M. Dumas, speaking before the British Association, had shown that when three simple bodies displayed great analogies in their properties, such as chlorine, bromide, and iodine, barium, strontium, and calcium, the chemical equivalent of the intermediate body is represented by the arithmetical mean between the equivalents of the other two. Such a statement well showed the isomerism of elementary substances, and proved that metals, however dissimilar in outward appearance, were composed of the same matter differently arranged and proportioned. This theory successfully demolishes the difficulties in the way of transmutation. Again, Dr. Prout says that the chemical equivalents of nearly all elementary substances are the multiples of one among them. Thus, if the equivalent of hydrogen be taken for the unit, the equivalent of every other substance will be an exact multiple of it—-carbon will be represented by six, azote by fourteen, oxygen by sixteen, zinc by thirty-two. But, pointed out M. Figuier s friend, if the molecular masses in compound substances have so simple a connection, does it not go to prove that all natural bodies are formed of one principle, differently arranged and condensed to produce all known compounds?

If transmutation is thus theoretically possible, it only remains to show by practical experiment that it is strictly in accordance with chemical laws, and by no means inclines to the supernatural. At this juncture the young alchemist proceeded to liken the action of the Philosophers' Stone on metals to that of a ferment on organic matter. When metals are melted and brought to red heat, a molecular change may be produced analogous to fermentation. Just as sugar, under the influence of a ferment, may be changed into lactic acid without altering its constituents, so metals can alter their character under the influence of the Philosophers' Stone. The explanation of the latter case is no more difficult than that of the former. The ferment does not take any part in the chemical changes it brings about, and no satisfactory explanation of its effects can be found either in the laws of affinity or in the forces of electricity, light, or heat. As with the ferment, the required quantity of the Philosophers' Stone is infinitesimal. Medicine, philosophy, every modern science was at one time a source of such errors and extravagances as are associated with mediaeval alchemy, but they are not therefore neglected and despised. Wherefore, then, should we be blind to the scientific nature of transmutation?

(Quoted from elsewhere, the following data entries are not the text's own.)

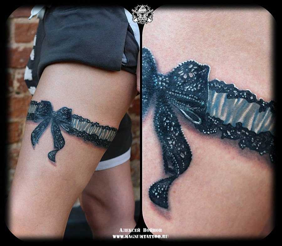 Существует большое разнообразие тату подвязка. Многие смотрятся настолько реалистично, будто потрогав, можно ощутить воздушность кружева и нежность лент. Этот великолепный стиль называется реализм. С его помощью можно придать татуировке реалистичный объем, в точности показать все мелкие детали, обрисовать тени.
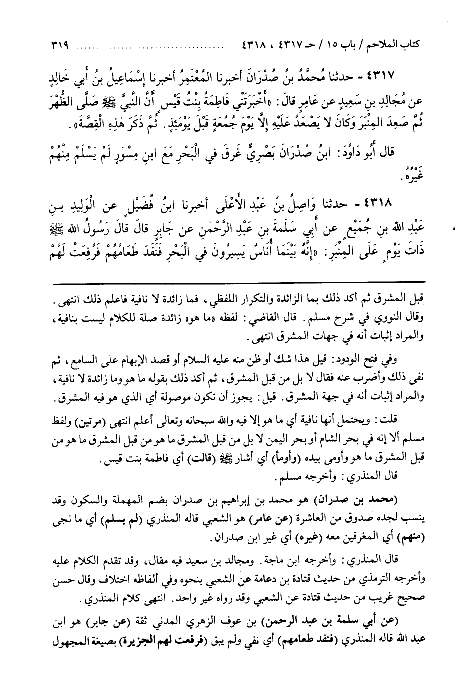 [4327] (مُحَمَّدُ بْنُ صُدْرَانَ) هُوَ مُحَمَّدُ بْنُ إِبْرَاهِيمَ بْنِ صُدْرَانَ بِضَمِّ الْمُهْمَلَةِ وَالسُّكُونِ وَقَدْ يُنْسَبُ لِجَدِّهِ صَدُوقٌ مِنَ الْعَاشِرَةِ (عَنْ عَامِرٍ) هُوَ الشَّعْبِيُّ قَالَهُ الْمُنْذِرِيُّ (لَمْ يسلم) أي ما نجى (مِنْهُمْ) أَيِ الْمُغْرَقِينَ مَعَهُ (غَيْرُهُ) أَيْ غَيْرُ بن صدران
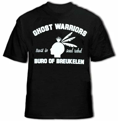 Soul Rebel Ghost Warriors T-Shirt. Soul Rebel has been making noise for the last couple of years now. Growing from a small collectors line to a full fledged brand. Style, character and comfort are paramount. These values are reflected in each garment that Soul Rebel produces. Our t-shirts are made from ultra soft, 100% machine washable cotton. On the front of this shirt is Soul Rebel Ghost Warriors Logo with the words Ghost Warriors Buro Of Breukelen.
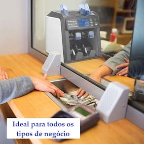 Capacidade do hopper 600pcsCapacidade do stacker 200pcsMoedas real, dolar, euro + 5 moedas estrangeirasFunções: soma, lotes, mix, add, tela touch screenTamanho das cédulas: 100mm175mm - 50mm90mmEspessura das cédulas: 0.05mm0.12mmVelocidade pcs / min : 800,1000,1200 mix mode / 800,1000 serial number reading mode Ram: 1gLotes: 5-199pcsConectividade: usb for data collection and software upgradeRs232 for pc communicationRj 12 for external displayWlan for data collection and software upgrade in batchDetecção de cédulas falsas:Ultraviolet detection uv Magnetism detection mg Metal thread detection mt Infrared image detection ir Double sides image detection / 2 cisPower supply: bivolt ac 220v 50hz 10% ac 110v 60hz 10%Dimensão: 287 h x 240 w x 232 d mmPeso: 5.9 kgGarantia: 12 meses para defeitos de fabricaçãoAssistência técnica em todo o brasil
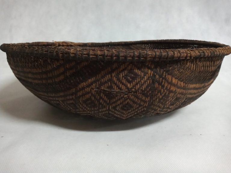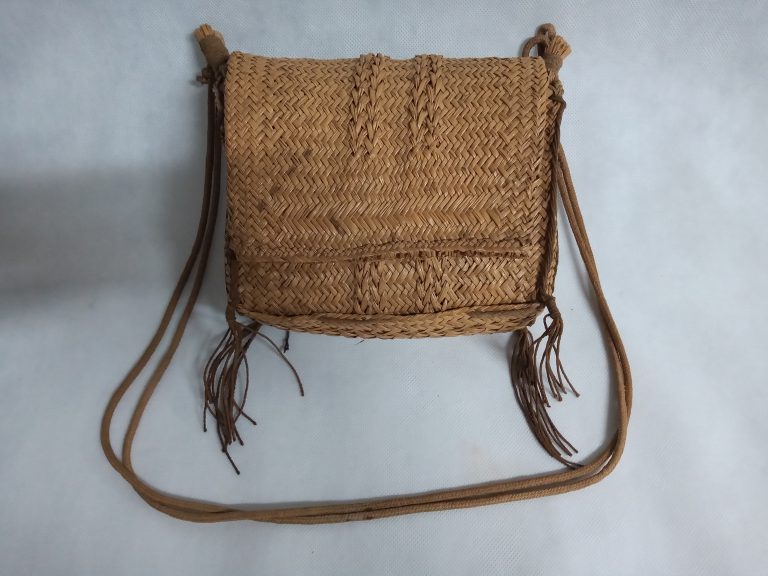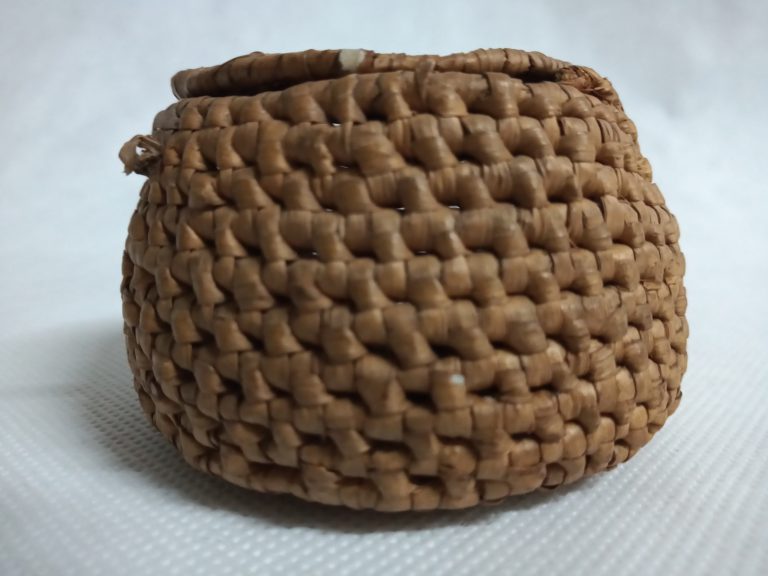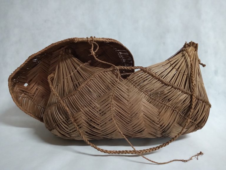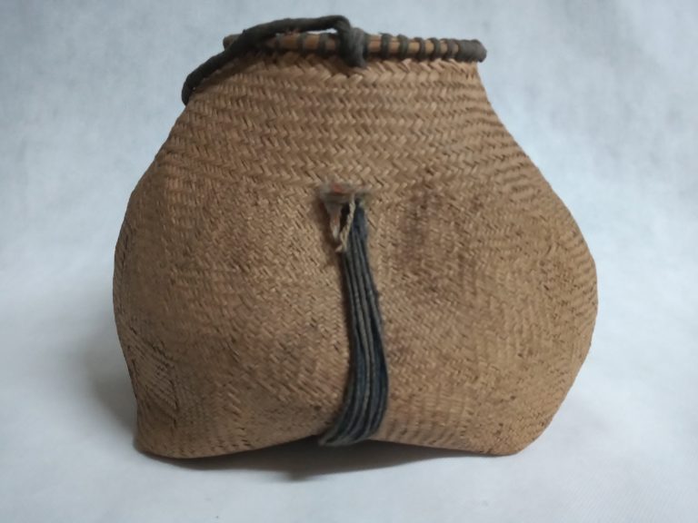 Cesto bornaliforme bojudo, com tampa e alça para suspender. Confeccionado com palha de prefoliação de palmeira buriti (Mauritia vinifera), trançado sarjado. Utilizado para transporte, armazenagem e como berço....
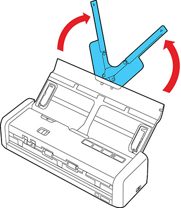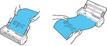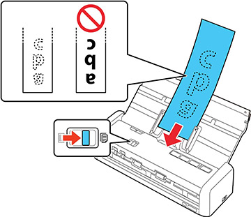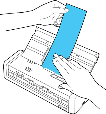 - Guidez le reçu dans le chargeur automatique de documents et soutenez-le lors de l'alimentation dans le scanner. (Vous pouvez continuer d'alimenter des reçus dans le scanner, un à un, lorsque le scanner est en mode d'alimentation automatique.)
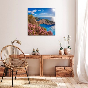 - Un paesaggio greco con una pittoresca scogliera, mare turchese e sole splendente, incorniciato da delicati fiori. Il dipinto trasuda l'armonia e la bellezza della natura, integrandosi perfettamente con gli interni di ispirazione mediterranea.
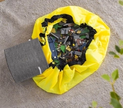 Pretvorite pospremanje u igru. Ova košara s integriranom podlogom omogućuje djeci da rasprostru kockice, lutke ili autiće na velikoj površini, a po završetku igre jednostavno povuku uzicu – sve se u trenu pretvara u prijenosnu vreću. Vodootporni materijali štite igračke, a visoki rub zadržava sitnice na mjestu.

One of the foundations of alchemical theories was that minerals grew and developed in the earth, like organic things. It was always the aim of nature to produce gold, the most precious metal, but when circumstances were not favourable the baser metals resulted. The desire of the old alchemists was to surprise nature's secrets, and thus attain the ability to do in a short period what nature takes years to accomplish. Nevertheless, the mediaeval alchemists appreciated the value of time in their experiments as modern alchemists never do. M. Figuier's friend urged him not to condemn these exponents of the hermetic philosophy for their metaphysical tendencies, for, he said, there are facts in our sciences which can only be explained in that light. If, for instance, copper be placed in air or water, there will be no result, but if a touch of some acid be added, it will oxidise. The explanation is that "the acid provokes oxidation of the metal, because it has an affinity for the oxide which tends to form"—-a material fact almost metaphysical in its production, and only explicable thereby.

He concluded his argument with an appeal for tolerance towards the mediaeval alchemists, whose work is underrated because it is not properly understood.